No criminal incidents were reported while many waited in the cold to buy cannabis. On the contrary, it was described by many as a jovial gathering with some cars honking their horns in support as they drove by at some locations. 

Dispensary lines were long on the first day of the new markets. Some people had been lining up since the previous night to buy cannabis. One dispensary offered those waiting on line hot chocolate, coffee, and the ability to wait in a warm tent.

Common issues such as limited purchase options and shortages of products were reported in some dispensaries. One individual tried to buy flower at two dispensaries before finding one that was not sold out. Technical issues with the state tracking system also caused delays. 

Most of the open dispensaries in Illinois were previously exclusively medical dispensaries that are keeping products for patients in reserve despite the great adult-use demand.

Individuals from out-of-state visited Illinois yesterday with the sole purpose of buying legal cannabis. While it is legal to do so, it still remains illegal to take it across state lines.
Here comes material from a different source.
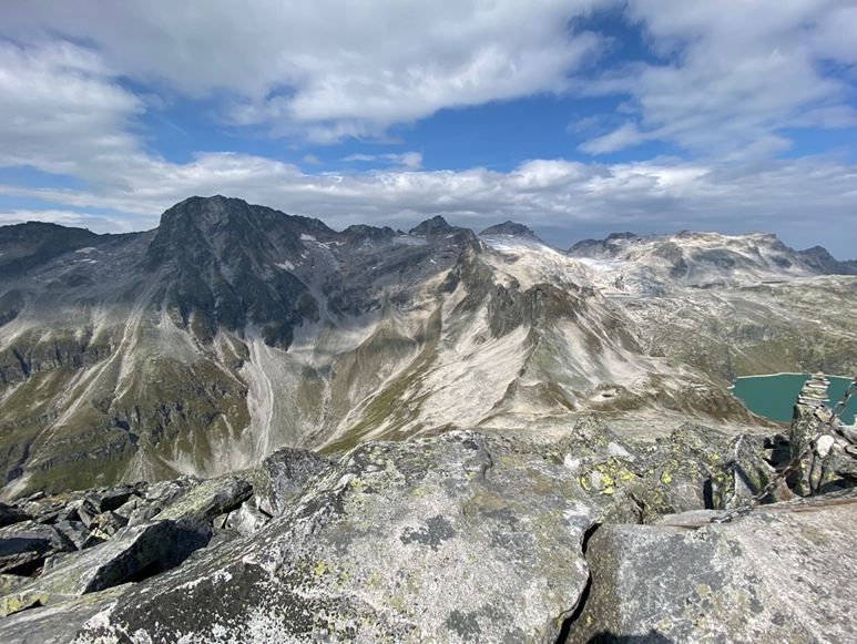 Nach Bezug der Zimmer wurde die herrliche Lage des Hotels inmitten beeindruckender Bergkulisse und das türkis schimmernde Wasser des Weißsees bewundert. Da die Wetterprognose für den nächsten Tag noch bestes Wanderwetter versprach, wurde als erstes Ziel der 2762m hohe Medelzkopf vereinbart. Die sternklare und dunkle Bergnacht war wie geschaffen, um das Smartteleskop aufzubauen und ein geeignetes Himmelsobjekt war mit dem Rosettennebel im Sternbild Einhorn schnell gefunden.

This is a holdover from federal prohibition that remains even if you are traveling between two legal states.

Progress on Social Justice in Illinois

Social justice advocates meanwhile want errors of the War on Drugs to be addressed and were getting their wish.

Pritzker began the process of pardoning 11,017 individuals convicted of small amounts of cannabis possession up to 30 grams on December 31st. 

“Illinois is putting equity first, clearing thousands of convictions and giving individuals & their families a new lease on life,” Pritzker declared regarding the pardons.

One of the criticisms of the states that legalized cannabis early was the lack of social equity provisions built into their laws.

“Illinois is going where no other state has before, admitting the unjust errors of the war on drugs and giving so many Illinoisans greater opportunities to build good lives for themselves and the people they love,” Stratton said. She added that thousands more will be pardoned in the near future.

Illinois sought to include social justice provisions in its legalization bill to address the evil of the drug war.

“Our Restore, Reinvest and Renew program will direct 25 percent of the state’s cannabis revenue right back into the communities hit the hardest by decades of over-policing, disinvestment, disenfranchisement, and violence,” Stratton added. “In that effort, we’re lifting up the voices of the people who actually live in these neighborhoods, who know these blocks and exactly where our dollars will make a real difference.”

Illinois was the 11th state to fully legalize adult-use cannabis. And while it was only one to do so in 2019 despite great efforts in New Jersey and New York, 2020 will likely see more cannabis ballot initiatives be voted on.